Yemeği geciktirme ve Yenenlerin Ölçüsünü Azaltma Davranışı
Yeme isteği duydugunuzda 2 bardak su için .
Canınız yemek istediğinde kendinizi ince olarak hayal edin.
Daha az ölçüde yemek yapın.
Yemek tanımında bir ölçü yağ koyun deniyorsa siz yarım ölçü koyun.
Yemek için küçük,yağsız salata için büyük tabak kullanın.
Masaya yemeği servis tabağı yahut kasesi ile getirmeyin.
Yediklerinize Harcama VE Öğün Geçiştirmede Uzlaşma
Yememeniz gerek rastgele bir yiyeceği çok istiyorsanız yiyin,fakat o yiyecekle aldıgınız kaloriyi yürüme yahut bir öbür aktivite ile harcayın.
Özel bir olay nedeni ile (parti,davet üzere durumlarda )diyet dışındaki yiyeceklerden azar azar yiyin,fakat onu izleyen öğünü yalnızca zerzevat salatası ile geçiştirin.
Öğün ortalarında yeme isteği duydugunuzda su içerek bir müddet bekleyin.Açlık hissiniz geçmiyorsa gücü düşük zerzevat meyve yiyin.
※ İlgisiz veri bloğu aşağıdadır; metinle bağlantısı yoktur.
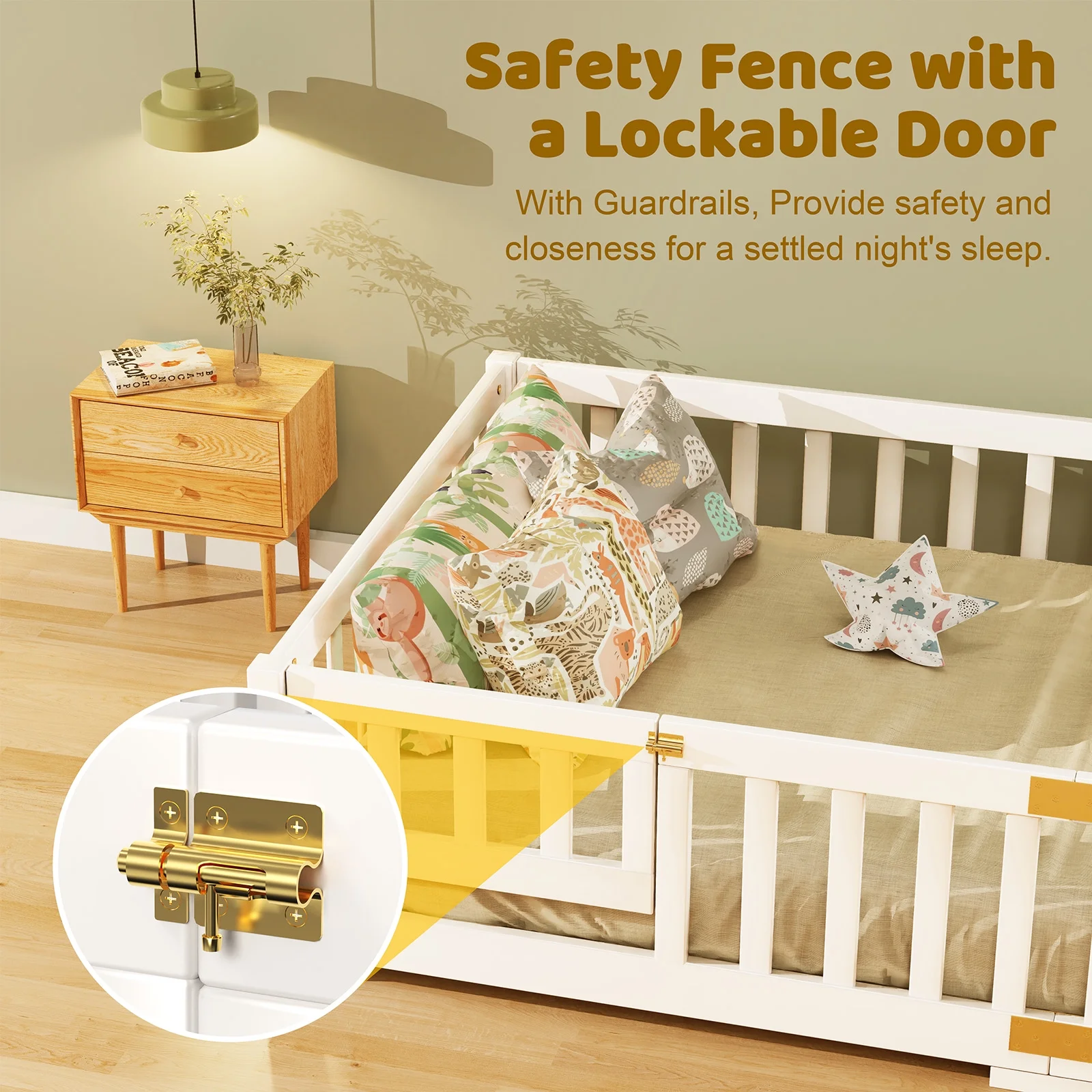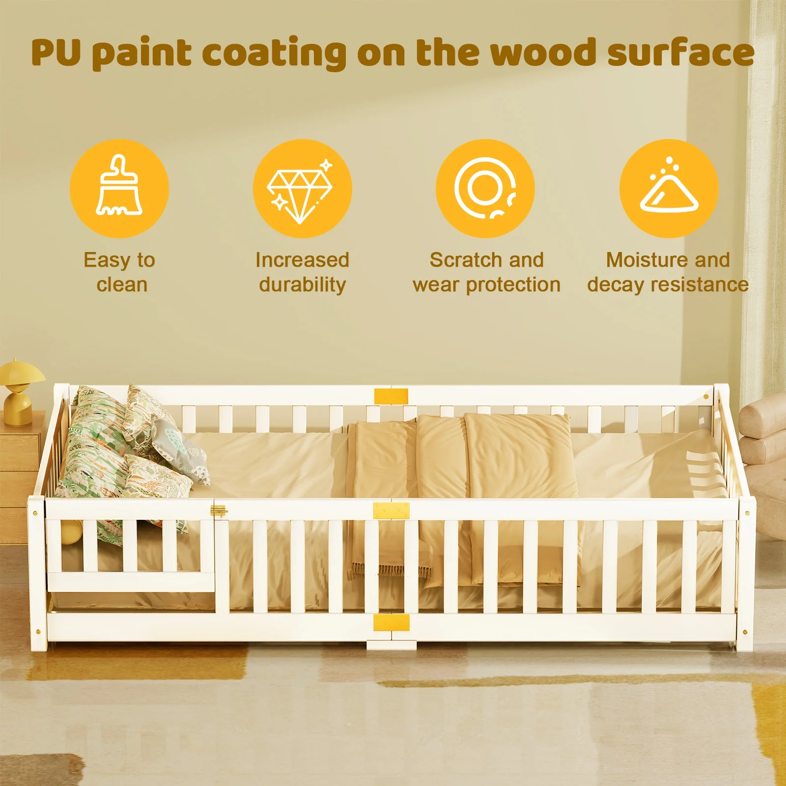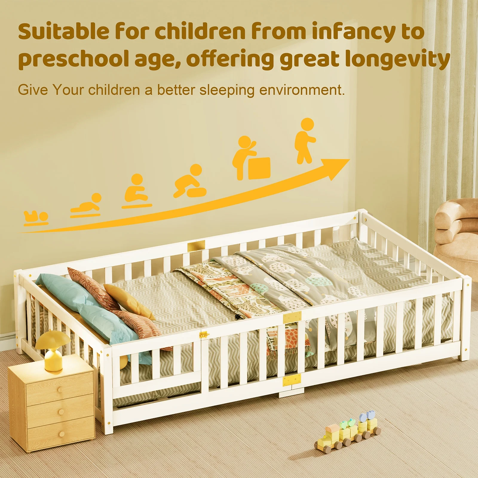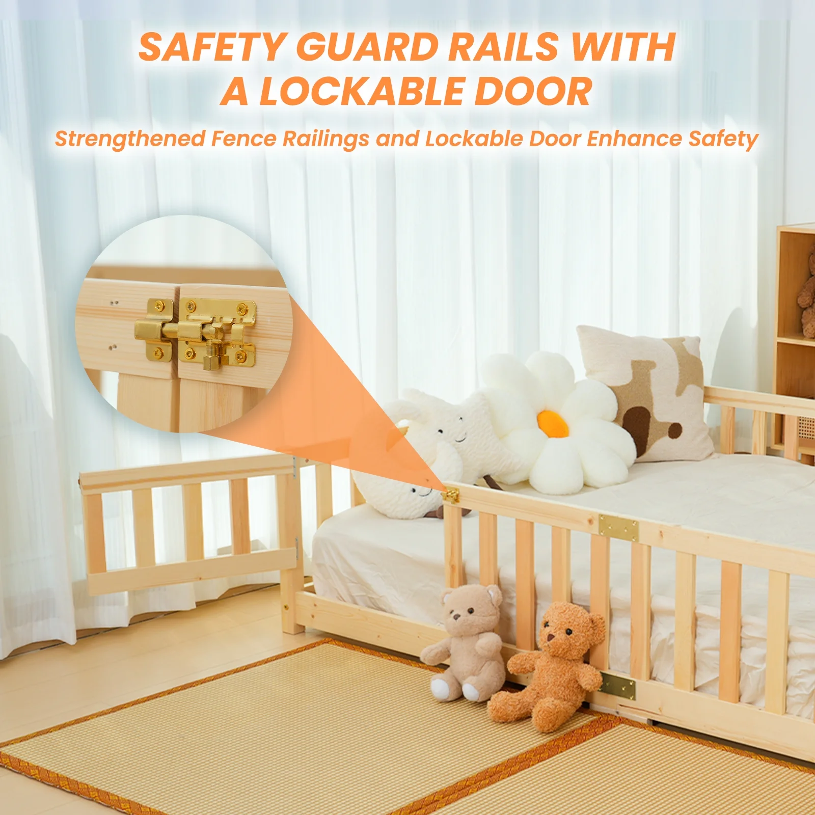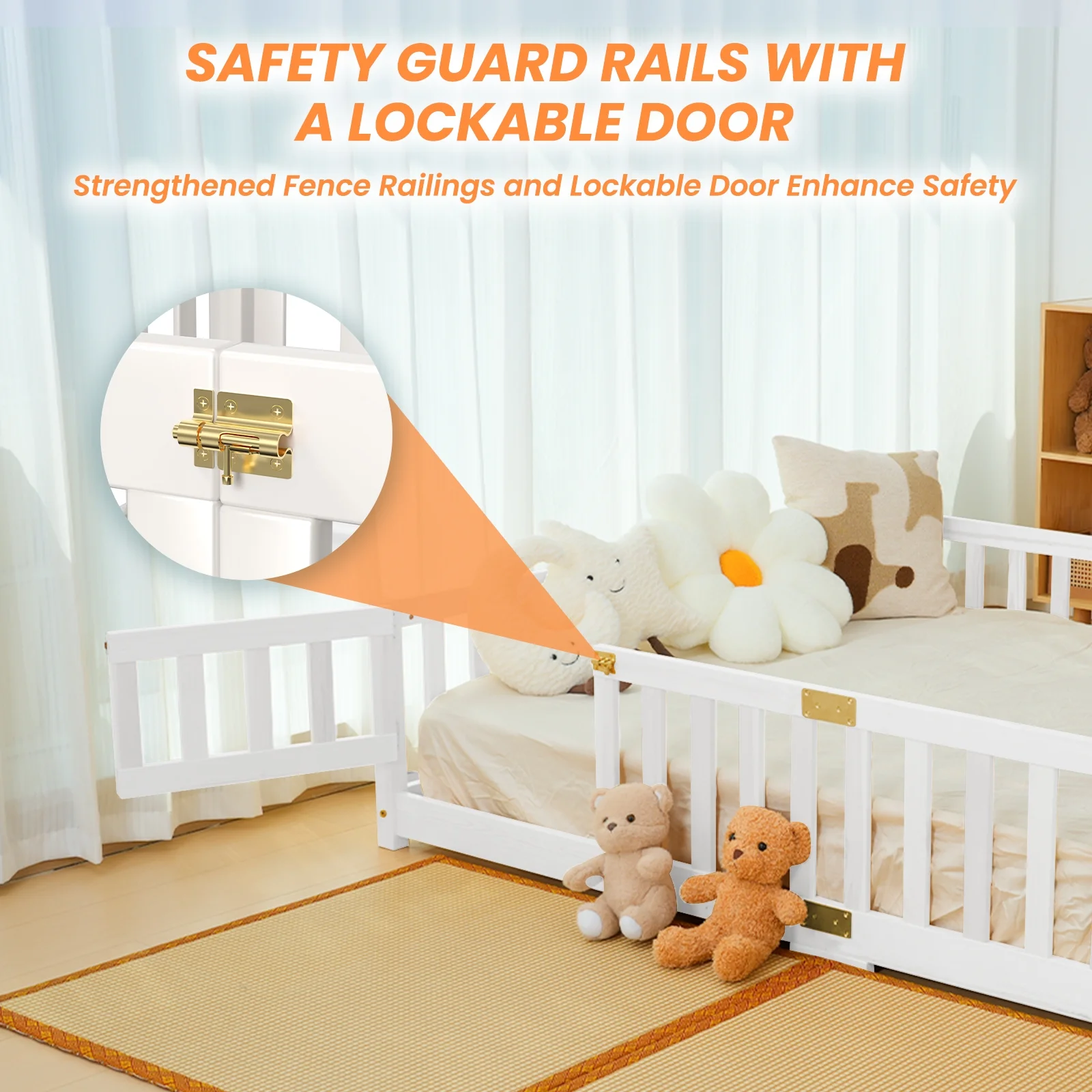【Montessori-Inspired Bed with Fence & Lockable Door�?/b>The 17.5-inch guardrail ensures your child’s safety, while the built-in lockable door (with 2 hinges and a steel latch) adds a fun, interactive element. Kids can easily get in and out of the bed, making bedtime more enjoyable.
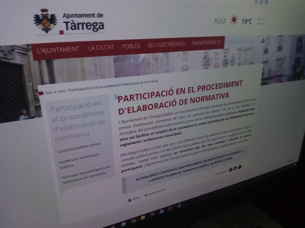 L’Ajuntament de Tàrrega ha habilitat al web municipal un nou portal per canalitzar la participació ciutadana en el procés d’elaboració normativa de l’ens, principalment reglaments i ordenances. Es tracta d’una de les noves eines que el consistori de la capital de l’Urgell ha posat ens servei les darreres setmanes per ampliar els mecanismes de participació ciutadana. El nou portal, al qual es pot accedir mitjançant www.tarrega.cat/participacio, s’ajusta a l’aplicació de la nova llei de procediment de les administracions públiques. Aquí es disposa també d’un formulari on-line per fer arribar aportacions i suggeriments.

Alışverişe Yönelik Öneriler
Alışverişe çıkmadan evvel bir liste hazırlayın ve listeye sadık kalın..Yiyecek alışverişine tok karına çıkın.
Alışverişe çıkarken yanınızda azpara taşıyın ve kredi kartı kullanmayın..Marketlerde,diyetinize uygun olmayan besinlerin bulunduğu reyonlara uğramayın.
Her vakit için gereksiniminiz kadar alın,fazla almazsanız yemezsiniz..Yenmeye hazır besinleri satın almaktan sakının.
Satın alırken birebir kümedeki besinlerin gücü düşük olanını seçin.(Örnek:Yağlı peynir yerine yağsız peynir alınız.)
Satın alırken meyvelerin küçüklerini seçin.